All of the data goes into your copy exactly as written. Images do not.

**The data**
┌──

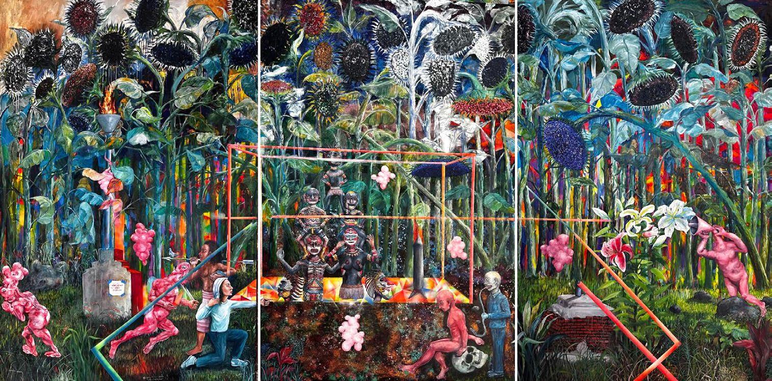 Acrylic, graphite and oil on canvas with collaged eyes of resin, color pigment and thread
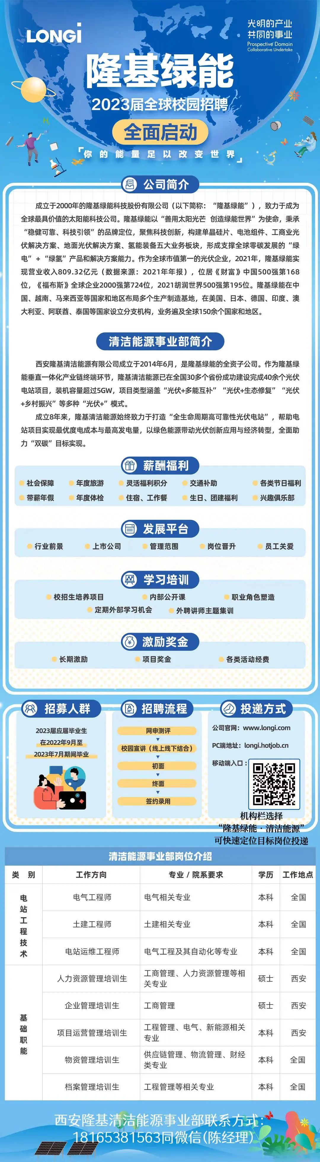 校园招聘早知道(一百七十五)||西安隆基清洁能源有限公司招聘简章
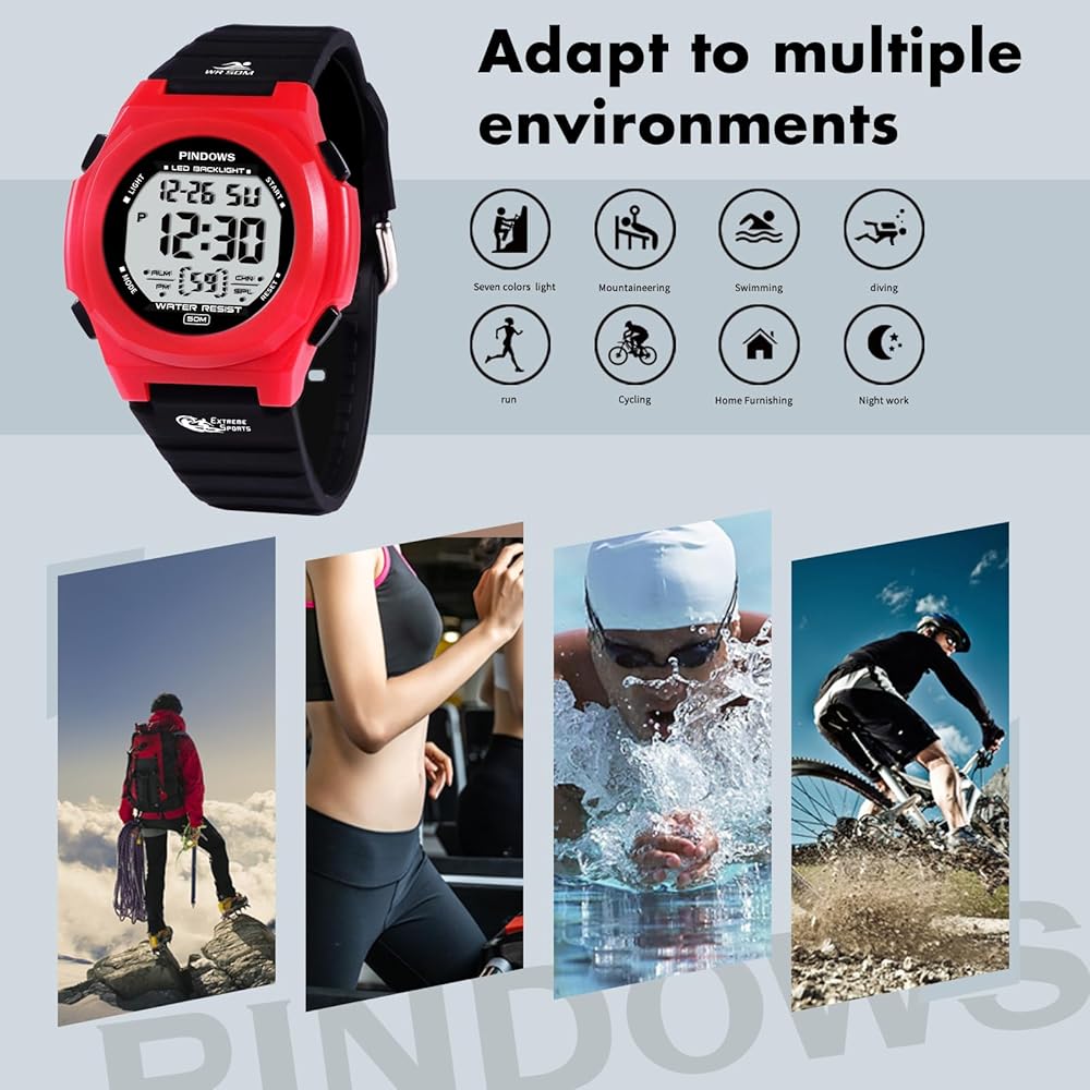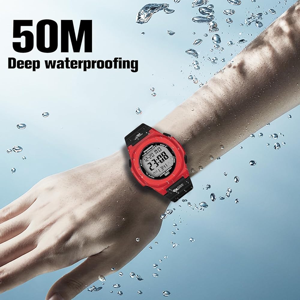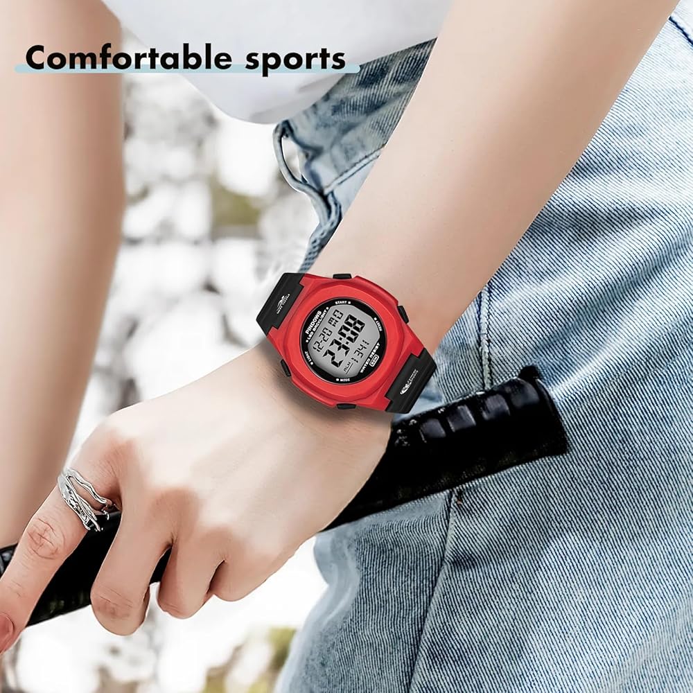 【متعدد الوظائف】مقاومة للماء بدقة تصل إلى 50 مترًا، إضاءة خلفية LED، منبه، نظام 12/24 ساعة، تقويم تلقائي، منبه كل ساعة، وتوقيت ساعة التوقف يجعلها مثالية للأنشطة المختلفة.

└──

**Result of the exercise**
 Acrylic, graphite and oil on canvas with collaged eyes of resin, color pigment and thread
 校园招聘早知道(一百七十五)||西安隆基清洁能源有限公司招聘简章
 【متعدد الوظائف】مقاومة للماء بدقة تصل إلى 50 مترًا، إضاءة خلفية LED، منبه، نظام 12/24 ساعة، تقويم تلقائي، منبه كل ساعة، وتوقيت ساعة التوقف يجعلها مثالية للأنشطة المختلفة.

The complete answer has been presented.